DATA BLOCK.
((
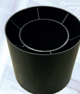
Fig. 2 Adattatore-distanziale Adapter
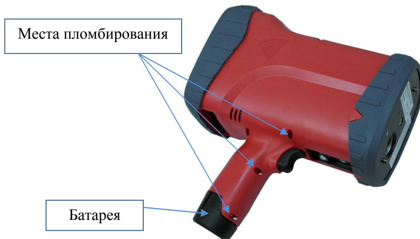
Рисунок 5 - Схема пломбировки от несанкционированного доступа ретрорефлектометров RetroSign GRX
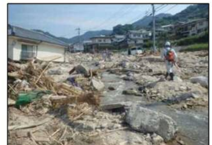
総頭川下流の河道を埋塞する大量の土砂
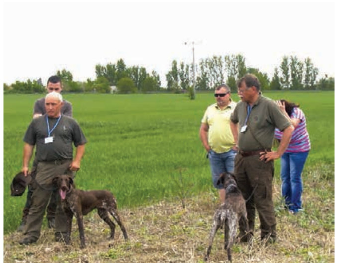
JSV - 2013
))
TASK TO COMPLETE. The data shown above must be printed again exactly, with no images included.

WRITTEN SOLUTION.
Fig. 2 Adattatore-distanziale Adapter
Рисунок 5 - Схема пломбировки от несанкционированного доступа ретрорефлектометров RetroSign GRX
総頭川下流の河道を埋塞する大量の土砂
JSV - 2013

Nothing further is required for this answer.